When we are set to look at our common problems at the face and tow the way of simple and feasible solutions, we will also recognise that asking for huge arbitrary increases in minimum wage may never offer a working solution to our problem. Is it most of the state governments in the past six years that cannot pay thirty thousands minimum wage that will be able to pay what the Federal government is offering now, talkless of the non-feasible demand of the organised labour? Secondly, what would happen to the private employers? Are we going to enforce the payment of the minimum wage on them also? Altogether, how many government workers are Nigeria citizens? Probably less than 8 percent. Then, we will all have to grapple with the variants of inflation that will follow once the increase is announced. That has been the practice.
Rather than shutting down the national workforce to demand for the impossible and mount more hardship on an already suffering and struggling population, shouldn’t we be asking for what is feasible? I will be in support if the organised labour will go on strike today indefinitely until the national refineries are up and refining crude for local consumption. We all know at that time, we can as well ask for a remarkable reduction in the pump price of PMS to as low as #350 or thereabout. I will join any road protest and strike action to force the hands of the state governors to release the local government to function on their own. I will support any strike action that will force the hands of the government to redefine and organise the national anti corruption fight to bring to book all the elements that are responsible for the problems of Nigeria today because of their mismanagement of national and state funds at their disposals.
Rather than fighting for salary increases of the magnitude we are seeing now, we should be closing down the system to force a reduction in the cost of governance in the country. We should x-ray salaries and emoluments of public and political office holders and demand for a forceful action at over 50 percent reduction. If a university professor is collecting #600,000 per month, there is no justifiable reason why a Senator, a minister or any political officer holder should collect above a million Naira. None at all. We got it wrong when we went that way and we should correct it.

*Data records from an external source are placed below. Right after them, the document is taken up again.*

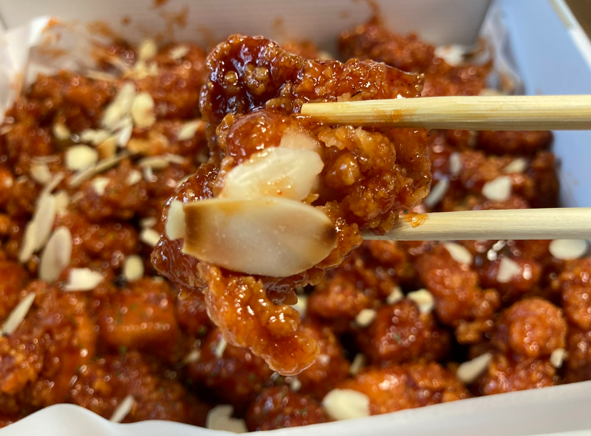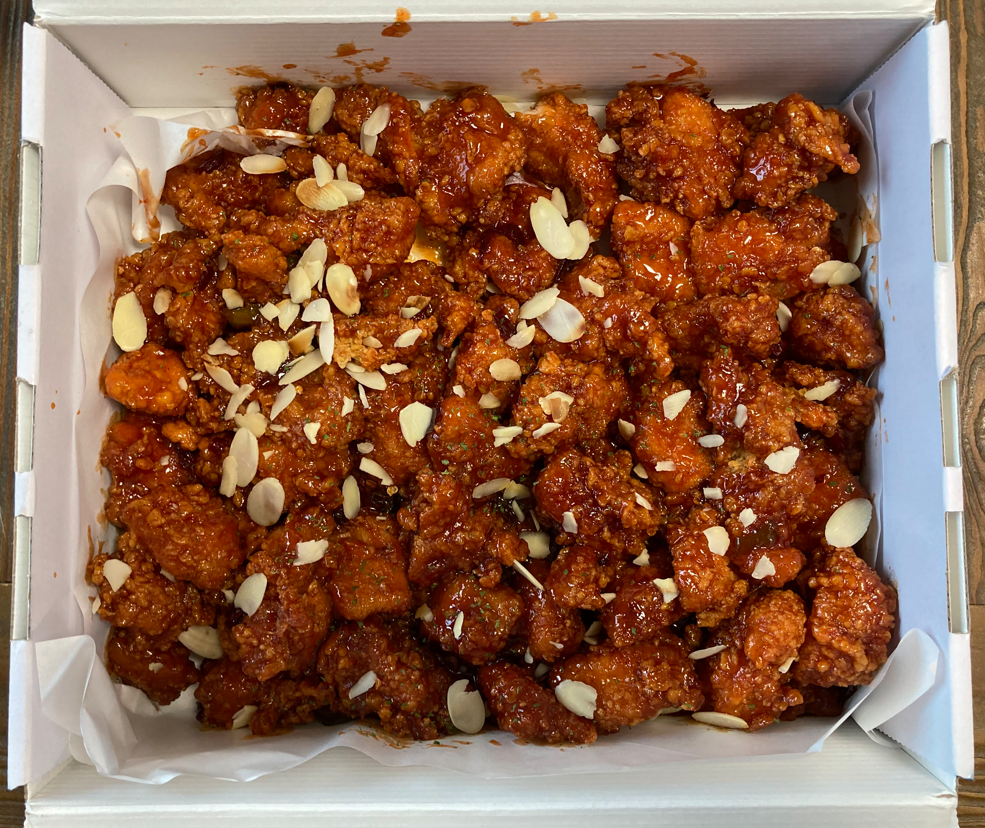 장점: 닭껍질 덕분에 퍽퍽함이 덜함 맥주랑 먹기 좋음, 양념이 덜 발려서 덜 달고 후라이드 맛도 남 단점: 닭껍질 때문인지 양이 다른 가게에 비해 적음 2/3정도. 양념이 적어서 닭강정인데 닭강정이 아닌느낌 |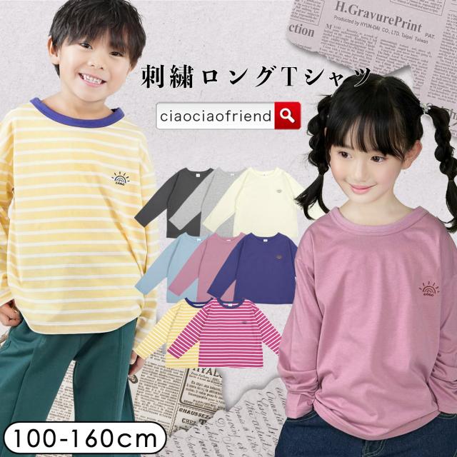 刺繍ロングTシャツ ロンT キッズ Tシャツ 長袖 子供服 男の子 女の子 長そで 長袖tシャツ 無地 春 秋 春服 秋服 通園 通学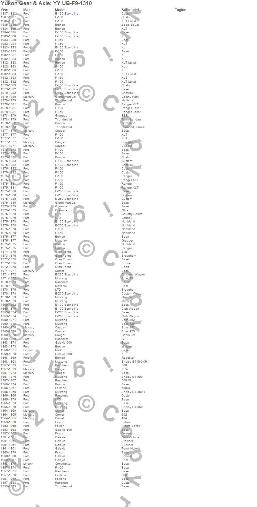 Below is an abreviated list of applications for the Universal Joint U-Bolt.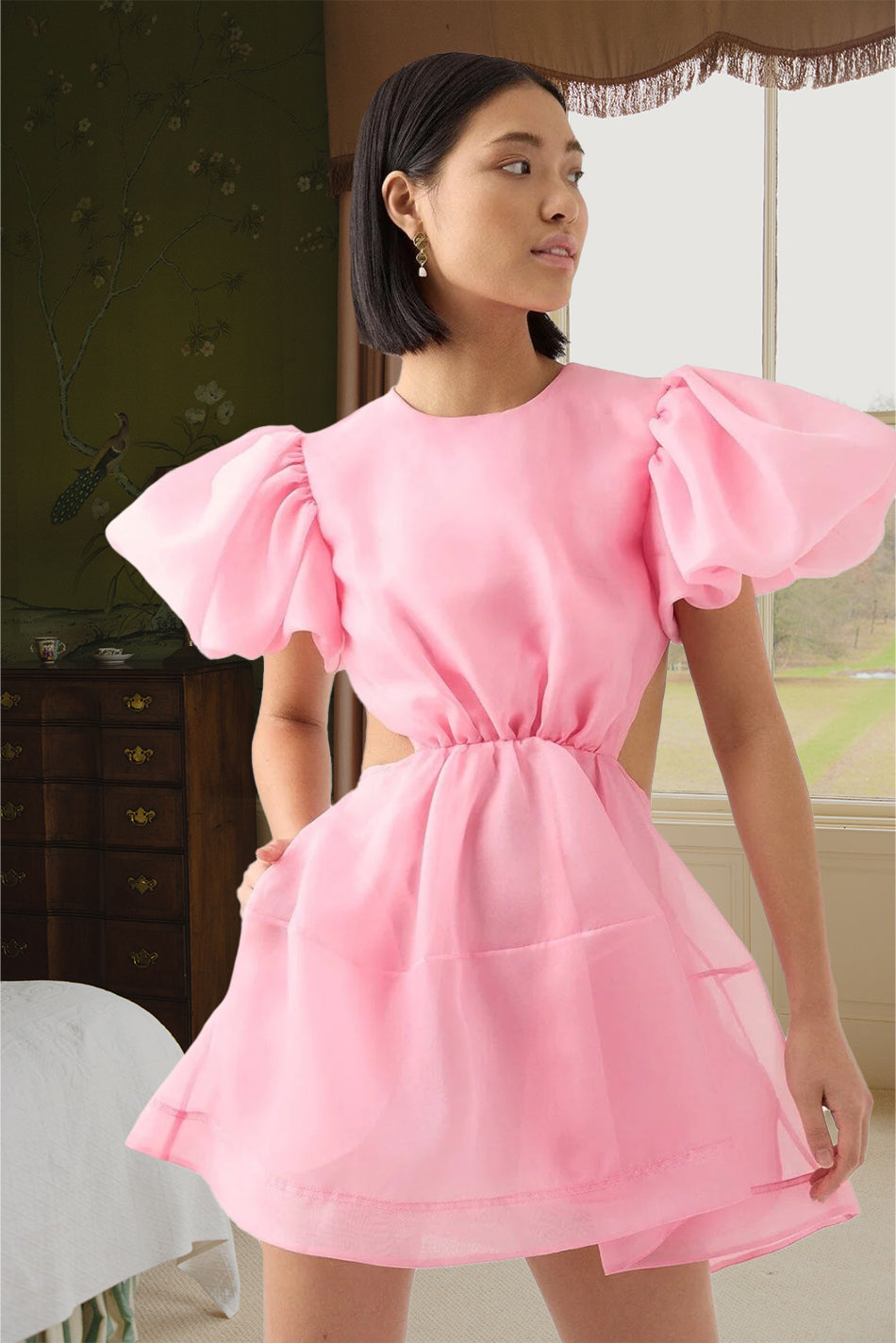 Organza dress, open back with partially elasticated waist and puffed sleeves. Button fastenings along the back with a concealed hook and zip fastening. Fully lined.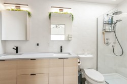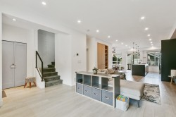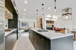 Stop into a stunning kitchen blonding modern design with high-end function. Dosigner fixtures from Buster + Punch, clogant island pendants, Cacsarstone countertops, and custom millwork croate a refinod space, complete with top-tier Bosch appliances. The Open-concept living area offors built-in storago for a clean, stylish look. Upstairs bathrooms foature in-floor hoated tiles for yoar-round comfort. Car lovers will appreciate the polyaspartic-coated garage floor, custom cabinets, attic storage, workspace, and built-in Level 2 EV charger. Enjoy a private deck and landseaped yard perfect for ontertaining. Extra storage. A large, temp-controlled crawlspace has you coverod.
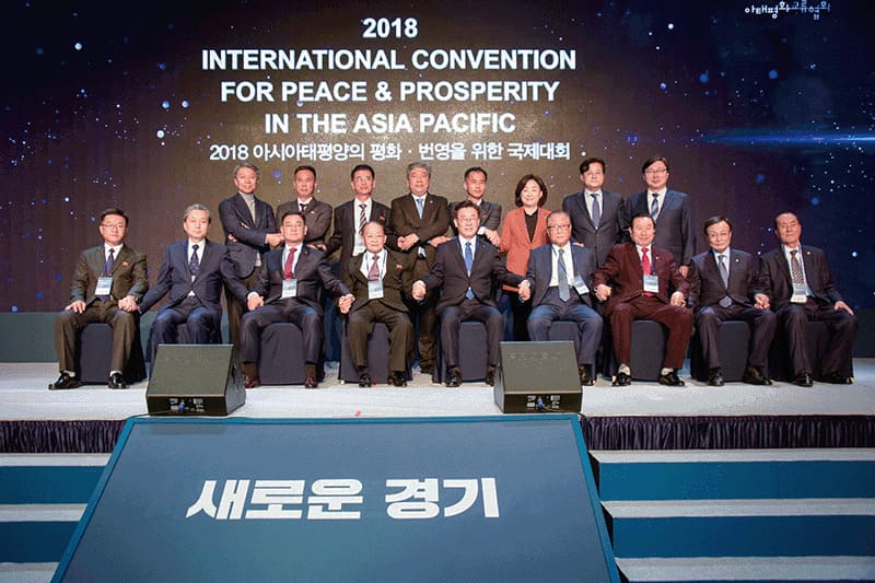 2018년 11월 경기도 고양시에서 경기도와 아태평화교류협회가 공동주최한 ‘아시아 태평양의 평화와 번영을 위한 국제대회’에서 참석자들이 기념촬영을 하고 있다. photo 아태평화교류협회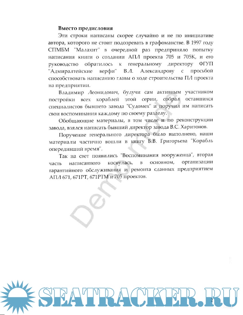 Год выпуска: 2007 Язык: русский Автор: Яновский В.Е. Жанр: История Издательство: Корректурный экземпляр Формат: DjVu Качество: Отсканированные страницы Количество страниц: 191 Описание: Автор, прошедший путь от помощника мастера на заводе "Судомех" в Ленинграде до главного инженера опытного производства, описывает историю создания торпедно-ракетного комплекса опытной АПЛ проекта 705, рассказывает о людях, которые создавали сложнейшие образцы вооружения, о проблемах и сложностях, встававших на пути.
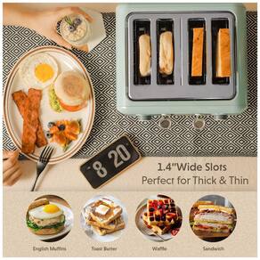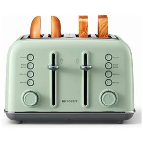 Torradeira elétrica Buydeem DT 6B83G, 4 fatias, com 7 níveis de tostagem, função bagel, muffin, descongelar e reaquecer. Aço inoxidável com design retrô, bandejas de migalhas removíveis e controle independente de temperatura.Permite ejeção manual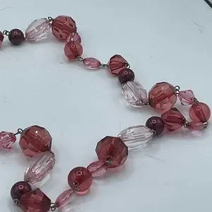 “FACTED BURGUNDY AND PINK BEADED NECKLACE”. Costume Jewelry.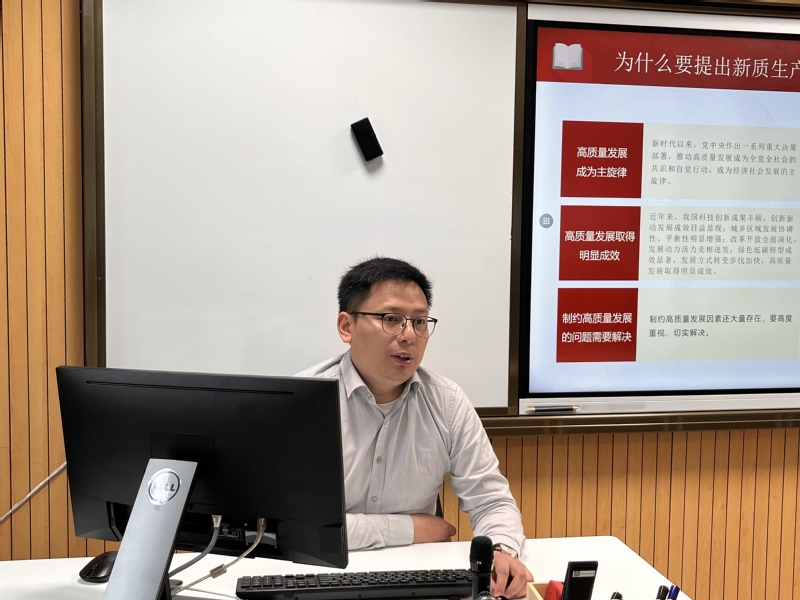 党课中,黄书记以“是什么、为什么和怎么办”为切入点,围绕新质生产力的基本内涵、核心标志、本质内容以及重要意义等方面进行深入解读,深刻阐述了社会主义的根本任务和新时代新质生产力的关系,指出了新质生产力是符合新发展理念的先进生产力质态、科技创新是发展新质生产力的核心要素、新质生产力本身就是绿色生产力等内容。同时,他从工作机制和具体布局出发分析了发展新质生产力的方法途径,强调了要牢牢把握高质量发展这个首要任务,因地制宜发展新质生产力。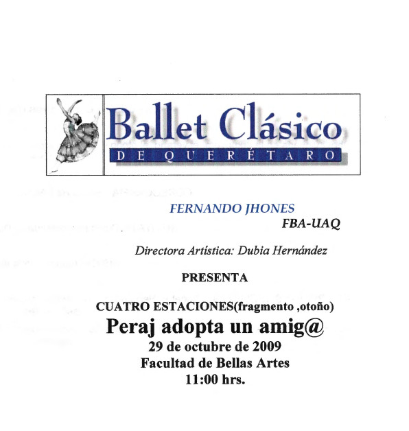 Ballet Clásico de Querétaro, “Programa Cuatro estaciones Peraj adopta un amig@ 2009,” ReDCA-Ballet, consulta 9 de marzo de 2026, http://redca.uaq.mx/ballet/items/show/906.

On the pockets of clamours for a return to regional government which might seem good for us, and indeed is theoretically great, but also comes with much more challenges including potential disintegration of the whole considering the existing fault lines. Would the national assembly allow it to be passed? Would a whole lot of lawmakers who are driven only by personal ambitions allow such a fundamental change of system that would terminate their dreams? Definitely not in Nigeria. We are more likely going to end up throwing the bill into the dustbin because we don’t have a clear pathway to have it passed by both arms of the National Assembly as they are currently constituted.
We should rather organise our current system to work for us, especially beginning with the focus, promotion and agitation for local government autonomy. If this cannot work, what is the guarantee that any other one will work or be better?
GOD BLESS THE FEDERAL REPUBLIC OF NIGERIA!